RECORDED INFORMATION.
--------------------
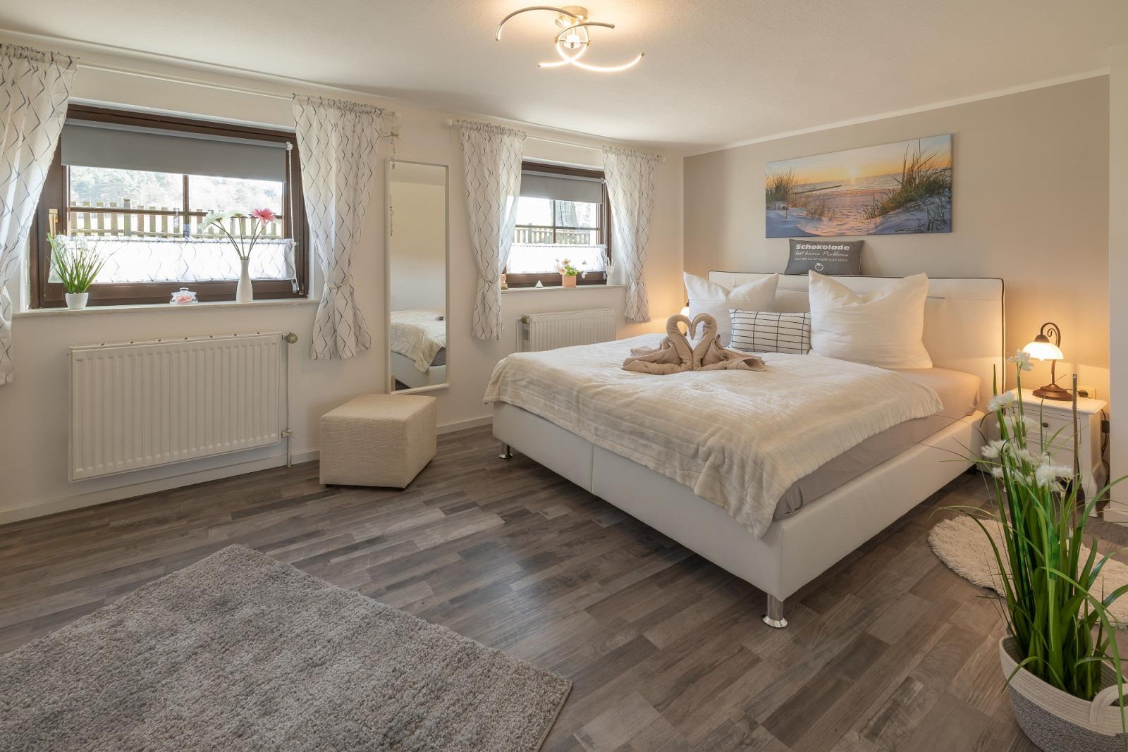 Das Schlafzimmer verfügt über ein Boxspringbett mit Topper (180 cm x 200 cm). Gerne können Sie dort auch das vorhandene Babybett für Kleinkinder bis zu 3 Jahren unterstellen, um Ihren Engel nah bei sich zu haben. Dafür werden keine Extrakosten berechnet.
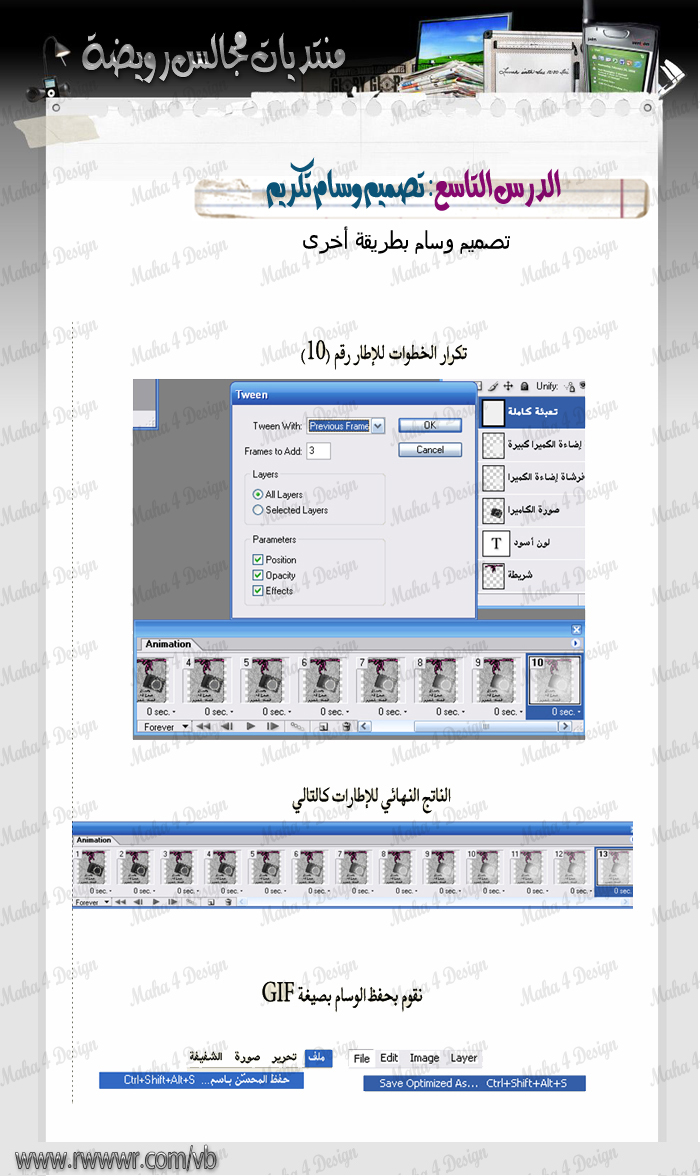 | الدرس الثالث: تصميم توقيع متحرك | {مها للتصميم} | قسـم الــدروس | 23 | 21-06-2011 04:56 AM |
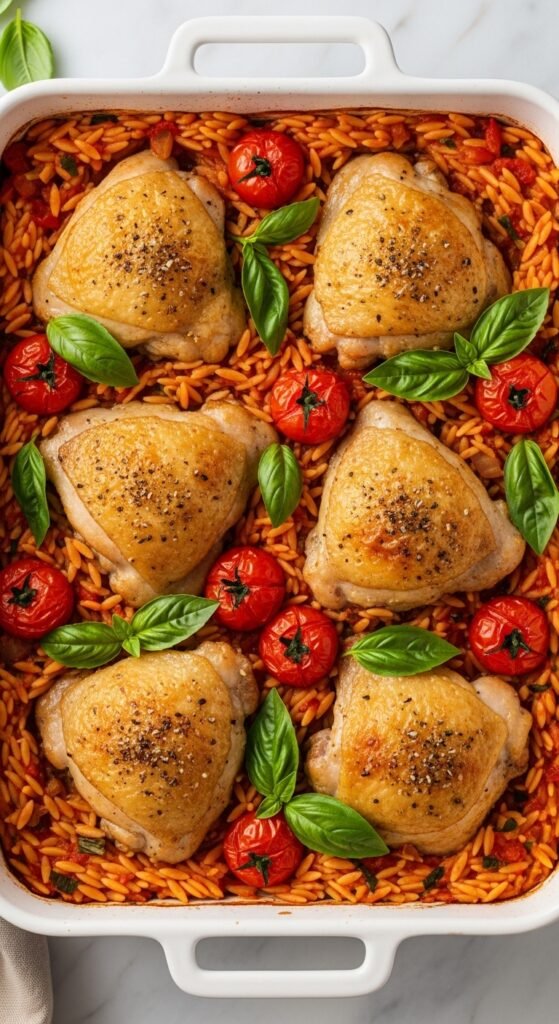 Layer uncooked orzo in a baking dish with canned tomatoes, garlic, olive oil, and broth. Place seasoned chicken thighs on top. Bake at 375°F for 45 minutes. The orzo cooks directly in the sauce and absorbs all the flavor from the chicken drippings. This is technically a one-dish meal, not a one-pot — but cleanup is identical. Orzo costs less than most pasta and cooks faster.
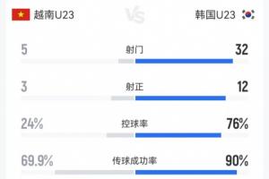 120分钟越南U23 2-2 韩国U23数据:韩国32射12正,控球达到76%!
--------------------
TO DO. Retype only the lines from the line with "21-06-2011 04:56 AM |" through the last line of the data. Keep both ends and skip the pictures.

RESPONSE BELOW.
 | الدرس الثالث: تصميم توقيع متحرك | {مها للتصميم} | قسـم الــدروس | 23 | 21-06-2011 04:56 AM |
 Layer uncooked orzo in a baking dish with canned tomatoes, garlic, olive oil, and broth. Place seasoned chicken thighs on top. Bake at 375°F for 45 minutes. The orzo cooks directly in the sauce and absorbs all the flavor from the chicken drippings. This is technically a one-dish meal, not a one-pot — but cleanup is identical. Orzo costs less than most pasta and cooks faster.
 120分钟越南U23 2-2 韩国U23数据:韩国32射12正,控球达到76%!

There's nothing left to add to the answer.